Boom and bust: Venture-capital king ruled over high-risk realm
By Ariana Eunjung Cha The Washington Post
DOUG MILLS / AP President Clinton gets a hug from John Doerr, event host, during a Democratic fund-raiser in 1998 in San Jose, Calif. REDWOOD CITY, Calif. — The company was born, as were so many in Silicon Valley in the 1990s, with a single conversation. "I have an idea for you," John Doerr said to a group of cable-television executives. He wanted them as partners for a company he envisioned marrying cable and the Internet to bring more and as yet unimagined programming to consumers.
As perhaps the most famous of the venture capitalists who seeded the Internet boom, Doerr had the money to make his ideas reality. In this case, he even had a name for his new venture: At Home.
Over the next three years, Doerr, through his firm Kleiner Perkins Caufield & Byers and its co-investors, pumped several hundred million dollars into At Home. The company prospered, quickly attracting nearly 300,000 customers who paid a monthly fee to get super-fast Internet access from their houses and apartments, and banking several million dollars in revenue each quarter.
But Doerr was not satisfied.
By late 1998, nearly the middle of the boom, Doerr told some company executives he feared At Home wasn't moving fast enough. He, along with the management team and other directors, wanted At Home to ally itself with a company that could provide the content — stories, sound clips and video — it needed to become a media venture. And the time to do that was while At Home's stock was flying high.
The target: Excite, a popular online search and directory site that also happened to be heavily backed by Kleiner Perkins. Excite was losing lots of money, and that made some investors skeptical: Why endanger At Home by exposing it to Excite's losses?
But those concerns were swept aside. Shareholders in 1999 overwhelmingly approved the $6.7 billion merger, the biggest ever between two Internet companies.
Kleiner Perkins, however, did not wait around for the new company, Excite At Home, to succeed. Soon after the merger, it took company shares worth more than $1 billion and distributed them privately to its investment partners for them to sell if they wished. Public investors who placed their bets on the company's long-term success and held on to their shares were not as lucky.
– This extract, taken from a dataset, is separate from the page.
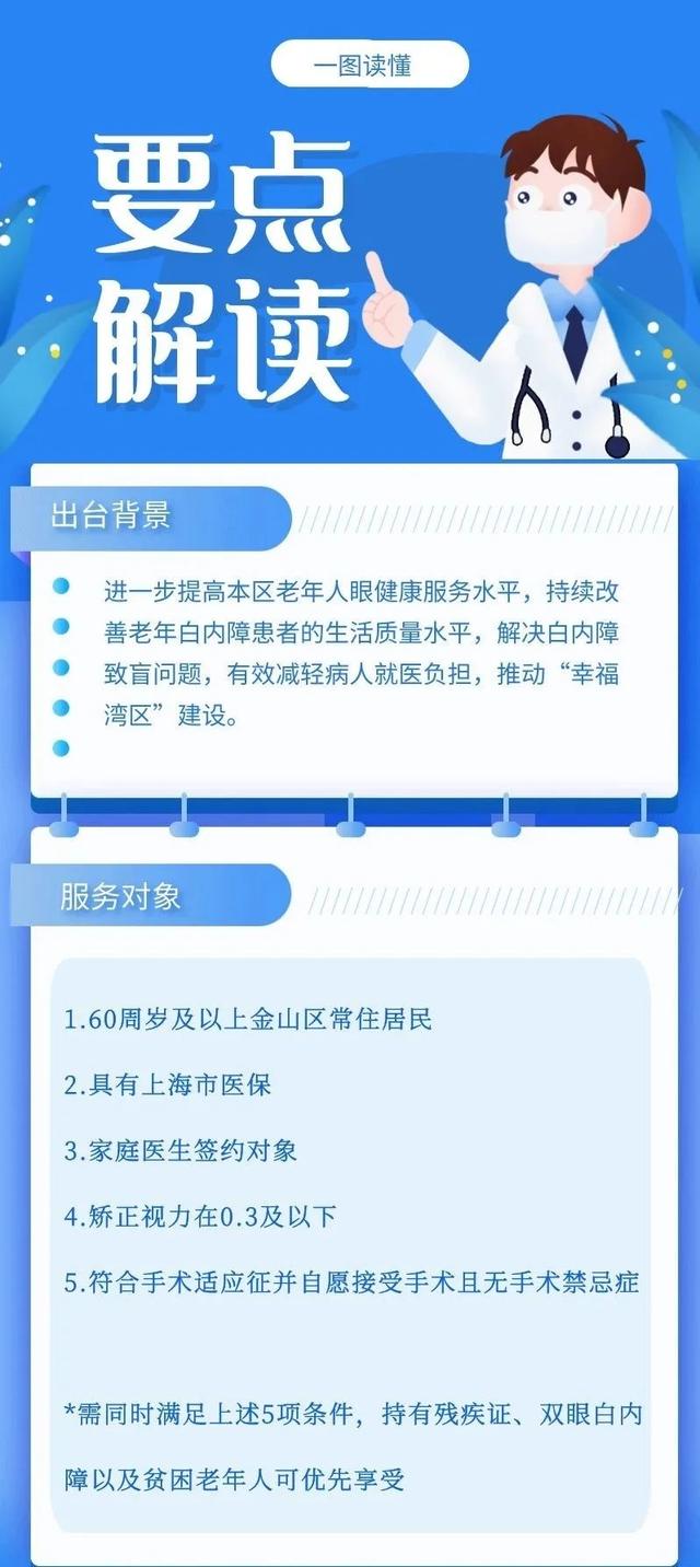 为持续改善老年白内障患者的生活质量水平,有效减轻患者就医负担,区卫健委重新修订完善了《金山区老年人白内障服务项目实施方案(2022版)》惠民政策,实施时间为5年,让更多老年人享受减免政策。
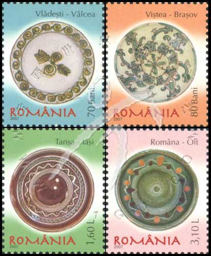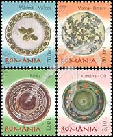 罗马尼亚陶器—农家器皿系列二,各式瓷盘4全

Excite At Home went out of business last February, and the stock became worthless in one of the New Economy's most spectacular failures.
Charles Moldow, a former vice president of At Home who worked on Excite At Home's business development, believes At Home took a fatally wrong step. "If we hadn't merged with Excite, At Home would still be around today," he said.
But during the boom years, venture capitalists decided which startups lived and died, which investment bankers and lawyers got the deals and who got rich.
Doerr, an electrical engineer who became the premier financier of Silicon Valley, did all that and something more: He was the public face and ultimate salesman of the obsessively ambitious Internet world.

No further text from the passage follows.